**Your assignment:** Retype, word for word, every line of the records below starting at the one that contains "Propulsado por una" and ending at the one that contains "Заворачиваем туго пленкой"; include both of those lines and nothing more.

**Supplied material:**

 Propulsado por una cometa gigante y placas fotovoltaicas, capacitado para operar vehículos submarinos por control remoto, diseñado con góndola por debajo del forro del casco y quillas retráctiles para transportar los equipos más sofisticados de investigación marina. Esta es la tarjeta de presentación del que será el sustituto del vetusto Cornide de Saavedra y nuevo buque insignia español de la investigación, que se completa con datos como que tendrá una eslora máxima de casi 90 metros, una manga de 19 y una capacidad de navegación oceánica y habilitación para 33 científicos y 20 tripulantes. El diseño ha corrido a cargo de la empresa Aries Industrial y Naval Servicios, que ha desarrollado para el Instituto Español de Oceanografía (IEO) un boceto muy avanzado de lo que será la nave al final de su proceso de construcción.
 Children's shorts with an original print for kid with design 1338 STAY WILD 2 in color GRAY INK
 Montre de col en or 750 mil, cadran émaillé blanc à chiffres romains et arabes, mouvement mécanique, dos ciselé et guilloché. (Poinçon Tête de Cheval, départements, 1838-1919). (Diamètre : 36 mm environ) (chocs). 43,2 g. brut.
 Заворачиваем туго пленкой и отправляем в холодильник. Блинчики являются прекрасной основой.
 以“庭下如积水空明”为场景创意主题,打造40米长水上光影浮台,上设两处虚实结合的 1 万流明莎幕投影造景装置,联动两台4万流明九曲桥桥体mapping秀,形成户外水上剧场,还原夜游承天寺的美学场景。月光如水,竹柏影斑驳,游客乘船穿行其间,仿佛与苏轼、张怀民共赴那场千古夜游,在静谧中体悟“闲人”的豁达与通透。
--
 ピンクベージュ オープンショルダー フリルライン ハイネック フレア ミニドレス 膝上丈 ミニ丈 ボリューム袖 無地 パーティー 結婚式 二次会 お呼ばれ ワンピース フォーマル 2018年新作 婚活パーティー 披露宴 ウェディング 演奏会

**Task result:**
 Propulsado por una cometa gigante y placas fotovoltaicas, capacitado para operar vehículos submarinos por control remoto, diseñado con góndola por debajo del forro del casco y quillas retráctiles para transportar los equipos más sofisticados de investigación marina. Esta es la tarjeta de presentación del que será el sustituto del vetusto Cornide de Saavedra y nuevo buque insignia español de la investigación, que se completa con datos como que tendrá una eslora máxima de casi 90 metros, una manga de 19 y una capacidad de navegación oceánica y habilitación para 33 científicos y 20 tripulantes. El diseño ha corrido a cargo de la empresa Aries Industrial y Naval Servicios, que ha desarrollado para el Instituto Español de Oceanografía (IEO) un boceto muy avanzado de lo que será la nave al final de su proceso de construcción.
 Children's shorts with an original print for kid with design 1338 STAY WILD 2 in color GRAY INK
 Montre de col en or 750 mil, cadran émaillé blanc à chiffres romains et arabes, mouvement mécanique, dos ciselé et guilloché. (Poinçon Tête de Cheval, départements, 1838-1919). (Diamètre : 36 mm environ) (chocs). 43,2 g. brut.
 Заворачиваем туго пленкой и отправляем в холодильник. Блинчики являются прекрасной основой.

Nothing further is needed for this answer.